Friends, Fruit, and Faithfulness, John 15: 9-17,    May 17, 2009

There are three themes that stand out in today's reading cleverly included in the sermon title Friends, Fruit, and Faithfulness. We will take a look at each one in turn.
 
Today's gospel reading comes from the middle of what is called Jesus' "Farewell Discourse," which is the section running from chapters 14 to chapter 17. Today's verses are actually part of a larger unit which begins at verse 1 of chapter 15, where Jesus explains the parable of the vine and the branches. In the second half of this unit (the verses read today), Jesus elaborates on what that parable means for his disciples. Since "fruit" is the basis for today's lectionary reading, we begin there.
 
When you think of fine wine your mind and palate might wander to a particular region of France.
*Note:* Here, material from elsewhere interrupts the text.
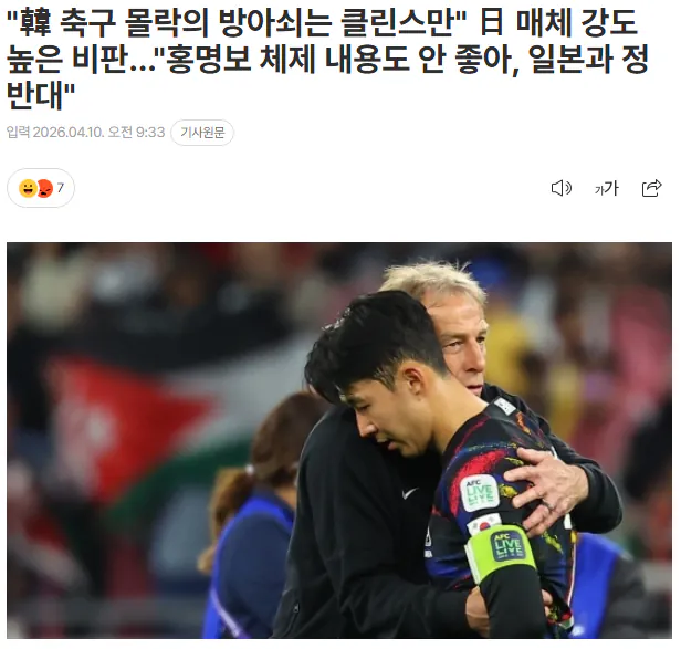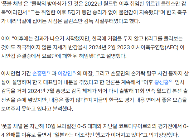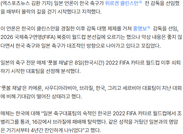 일본 매체들이 한국 축구의 위기를 클린스만 감독의 책임이라고 강하게 지적했습니다. 홍명보 체제 역시 내용이 부실했다는 평가와 함께, 체계적인 일본 축구와는 완전히 반대 방향으로 가고 있다며 질타하고 있네요.

The French have a long history of vintage winemaking and have provided the names for most of the well-known varieties. Champagne, Bordeaux, Chardonnay, Burgundy, just to name a few, are all regions that give names to certain types of French wine that, in order to be authentic, must have originated in that region.
 
Wine is judged much the same in California's wine country. Particular wineries around Napa Valley have reputations based on their particular expertise and reliability of consistent quality. 

 
One foundational principle that applies to both Old World and New World wine is that great wine is always a reflection of a particular vineyard.Jesus' point in the preceding vineyard parable. This is
In other words, if you want to pick a good wine, you have to know the source. Jesus knew that the best way to tell what kind of product you were getting would be to look at the label and see from where in the world it came. In this case, the source isn’t a place but a person — Jesus himself.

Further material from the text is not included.